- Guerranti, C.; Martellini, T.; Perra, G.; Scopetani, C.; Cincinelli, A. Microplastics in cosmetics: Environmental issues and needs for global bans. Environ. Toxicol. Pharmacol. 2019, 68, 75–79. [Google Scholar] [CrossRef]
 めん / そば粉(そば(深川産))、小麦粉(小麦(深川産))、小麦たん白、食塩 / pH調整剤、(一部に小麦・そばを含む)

════════════════

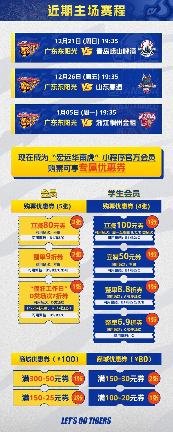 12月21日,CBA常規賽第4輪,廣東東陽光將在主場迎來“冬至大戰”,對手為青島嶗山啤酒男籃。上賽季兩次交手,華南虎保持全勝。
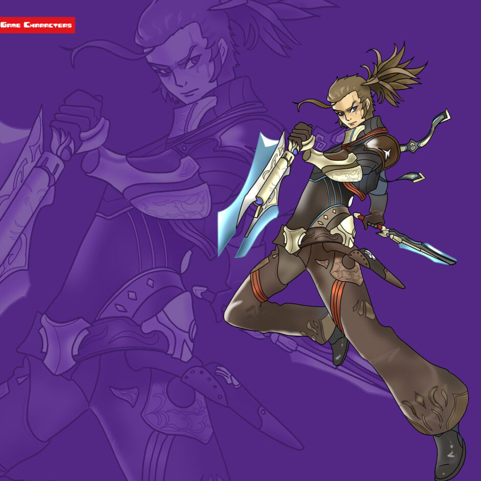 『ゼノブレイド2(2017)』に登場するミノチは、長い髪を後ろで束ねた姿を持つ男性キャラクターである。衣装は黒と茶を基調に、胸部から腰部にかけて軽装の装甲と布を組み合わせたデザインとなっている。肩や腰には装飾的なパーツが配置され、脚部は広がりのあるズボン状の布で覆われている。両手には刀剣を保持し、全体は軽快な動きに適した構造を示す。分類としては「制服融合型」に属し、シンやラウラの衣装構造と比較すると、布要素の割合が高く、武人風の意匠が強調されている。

════════════════

#### Task to carry out
Going back over the entries above, copy word for word every line from the one that has "- Guerranti, C.;" on through the one that has "めん / そば粉(そば(深川産))、小麦粉(小麦(深川産))、小麦たん白、食塩".

#### Written response
- Guerranti, C.; Martellini, T.; Perra, G.; Scopetani, C.; Cincinelli, A. Microplastics in cosmetics: Environmental issues and needs for global bans. Environ. Toxicol. Pharmacol. 2019, 68, 75–79. [Google Scholar] [CrossRef]
 めん / そば粉(そば(深川産))、小麦粉(小麦(深川産))、小麦たん白、食塩 / pH調整剤、(一部に小麦・そばを含む)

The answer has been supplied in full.